◆ Input
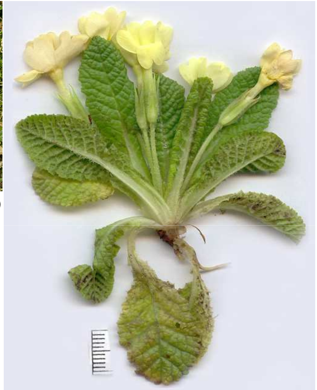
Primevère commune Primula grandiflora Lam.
---
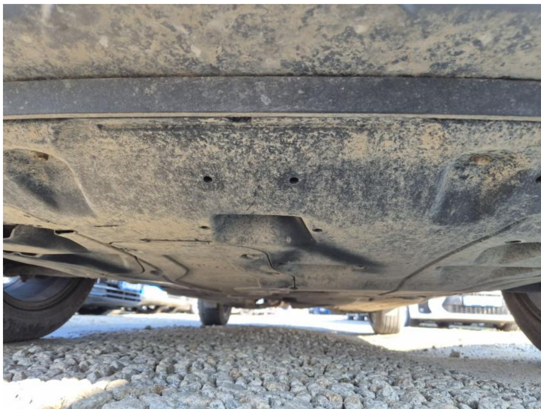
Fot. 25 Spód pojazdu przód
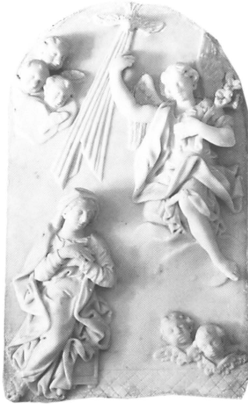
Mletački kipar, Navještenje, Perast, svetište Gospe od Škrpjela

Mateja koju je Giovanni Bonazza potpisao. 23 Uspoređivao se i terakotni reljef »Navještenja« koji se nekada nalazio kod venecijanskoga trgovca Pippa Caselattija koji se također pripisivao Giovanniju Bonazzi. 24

◆ Your assignment
From the records above, transcribe without alteration every line from the one with "Mletački kipar, Navještenje, Perast, svetište" to the one with "Mateja koju je", inclusive.

◆ Result of the exercise
Mletački kipar, Navještenje, Perast, svetište Gospe od Škrpjela

Mateja koju je Giovanni Bonazza potpisao. 23 Uspoređivao se i terakotni reljef »Navještenja« koji se nekada nalazio kod venecijanskoga trgovca Pippa Caselattija koji se također pripisivao Giovanniju Bonazzi. 24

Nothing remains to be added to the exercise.